Il fallait une bonne dose d’audace pour oser ressortir Yentl aujourd’hui. Non pas que le film soit dénué d’intérêt, loin de là. Mais pour l’apprécier à sa juste valeur, il suppose de passer outre un bon nombre de préjugés, à commencer par la personne même de Barbra Streisand, trop chanteuse et trop populaire pour que les cinéphiles puissent s’intéresser à ce qui reste, à ce jour, sa seule vraie réussite en tant que réalisatrice. À croire que ce film musical était prédestiné à devoir jouer des coudes pour trouver sa place.
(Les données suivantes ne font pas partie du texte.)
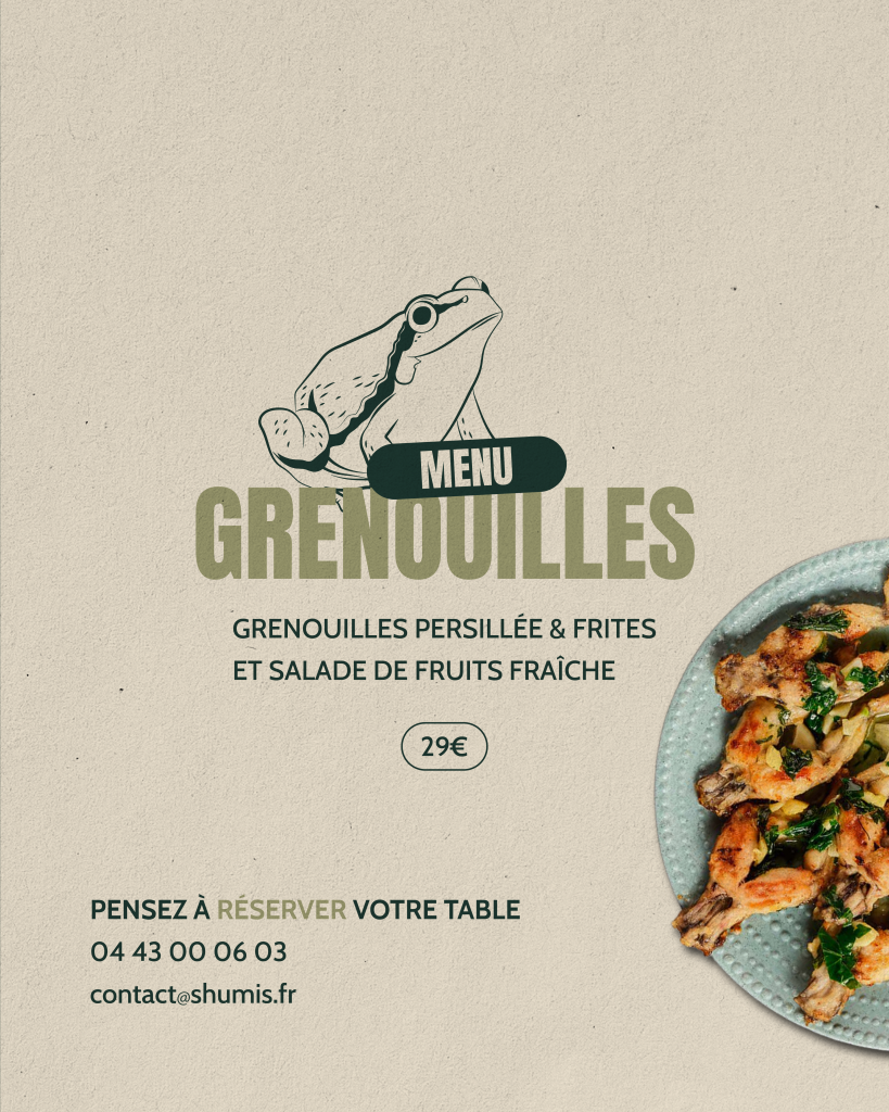 nous vous proposons également notre menu grenouilles persillées, servi avec frites et salade de fruits fraîche.
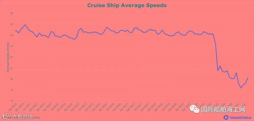 历史上,全球邮轮一直保持活跃,平均航速基本保持在14节上下。这在2020年3月14日美国疾病控制与预防中心(CDC)下达了禁运令后,显著下降到10节。
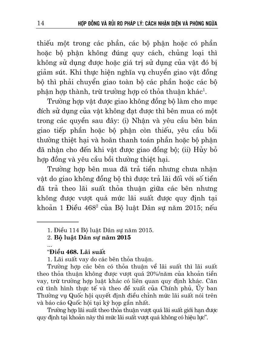 Nhằm giúp bạn đọc có được các thông tin hữu ích về vấn đề trên, Nhà xuất bản Chính trị quốc gia Sự thật xuất bản cuốn sách Hợp đồng và rủi ro pháp lý: Cách nhận diện và phòng ngừa, do Luật sư Trương Ngọc Liêu biên soạn. Cuốn sách trình bày những quy định về các loại hợp đồng thông dụng (hợp đồng mua bán, tặng cho, vay mượn, ủy quyền tài sản,...), các loại hợp đồng đặc thù (hợp đồng liên quan đến bất động sản, bảo hiểm); phân tích và làm rõ những rủi ro phát sinh thường gặp, đưa ra một số biện pháp kiểm soát, phòng ngừa rủi ro khi soạn thảo, ký kết hợp đồng.
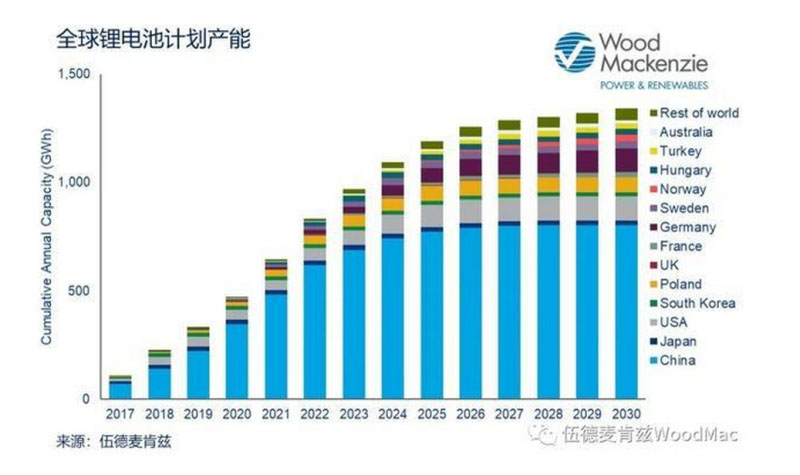 原標題:伍德麥肯茲:預計2030年,中國鋰電池產(chǎn)能將達到800GWh

Déjà à l’époque, Barbra Streisand mit plus d’une dizaine d’années à monter cette adaptation d’une nouvelle de Isaac Bashevis Singer qui questionne la place des femmes dans une communauté yiddish au début du XXe siècle encore peu ouverte à l’égalité des sexes. Devant la froideur d’Hollywood face à son projet, elle décide de prendre les choses en main et s’octroie de multiples casquettes : coproductrice, coscénariste, réalisatrice, chanteuse. Certains pourront y voir un trait de mégalomanie mais c’est surtout révélateur de la frilosité des producteurs à accorder du crédit à une femme réalisatrice, débat qui semble toujours d’actualité à en croire les dernières polémiques au Festival de Cannes. Pour ce qui est des chansons, elle a la bonne idée de faire appel au célèbre duo de paroliers Alan et Marilyn Bergman mais surtout à Michel Legrand qui lui avait déjà arrangé un album. Il lui signe pour Yentl plusieurs classiques oscarisés à l’efficacité redoutable qui, à l’instar de « Papa Can You Hear Me » participèrent allègrement à la postérité du film.
Yentl n’est certes pas dénué de défauts. Streisand, qui a fait ses gammes avec William Wyler ou Gene Kelly, n’a clairement pas leur virtuosité et se réfugie souvent dans un classicisme qui rend sa mise en scène plus illustrative qu’audacieuse, notamment dans le traitement des numéros musicaux. On imagine ce qu’un Demy, tout juste remis de son exil transgenre au Japon avec Lady Oscar, aurait pu apporter de poésie et de créativité. Non, l’intérêt de Yentl est à chercher ailleurs. Certainement dans ce jusqu’au-boutisme qui permit à Streisand de mener à bien son projet. Mais aussi, dans cette faculté à renouveler, derrière le trip égotiste, le genre même du musical. Ici, point de grandes chorégraphies ou de dialogues amoureux : la seule voix que l’on entend est celle de Barbra et les chansons sont utilisées majoritairement comme des monologues intérieurs, en contrepoint à l’intrigue.
« Nothing is impossible »
Le film s’évertue aussi à distiller un certain goût de l’impossible, leitmotiv qui ne cesse d’ailleurs d’être asséné par l’héroïne. Il faut une bonne dose d’imagination pour oser croire à la destinée de ce personnage, joué par une actrice qui a deux fois son âge et qui arrive à se faire passer du jour en lendemain pour un homme afin d’assouvir sa soif de savoir et d’étudier la Torah. Même le motif du travestissement, allègrement usité par le théâtre classique ou, de manière plus contemporaine à Streisand, par Blake Edwards dans Victor/Victoria, ne nous emmène pas forcément vers des sentiers attendus. Certes, nous n’échappons pas aux ressorts scénaristiques liés à la confusion des genres (la scène où Yentl doit dormir avec son alter ego ou encore quand elle le dévore des yeux après un bain dans la rivière) mais le film complexifie la donne en poussant à l’extrême l’engrenage dans lequel s’est enfermée cette femme-garçon. De là naît un triangle amoureux particulièrement ambigu où, entre transfert à la Cyrano de Bergerac et mise à mal des genres autant que des préférences sexuelles, la simplicité (pour ne pas dire chasteté) avec laquelle les événements se déroulent passerait presque pour de l’impertinence.
Féministe, résolument queer, questionnant la toute-puissance des textes religieux, Yentl cache beaucoup de secrets sous son apparence inoffensive et ce, jusqu’aux dernières minutes. Même le happy end tant attendu nous est refusé. « I want more » se justifie l’héroïne en réponse à Avigdor qui, n’ayant visiblement pas compris la leçon, lui propose le quotidien rangé d’une femme au foyer. Dans une dernière envolée lyrique, elle fait le choix de l’émancipation et quitte la Pologne sur un bateau d’immigrés en partance pour les États-Unis. La valorisation du savoir pour que chacun puisse se construire en dehors des normes reste un message on ne peut plus salvateur et d’actualité.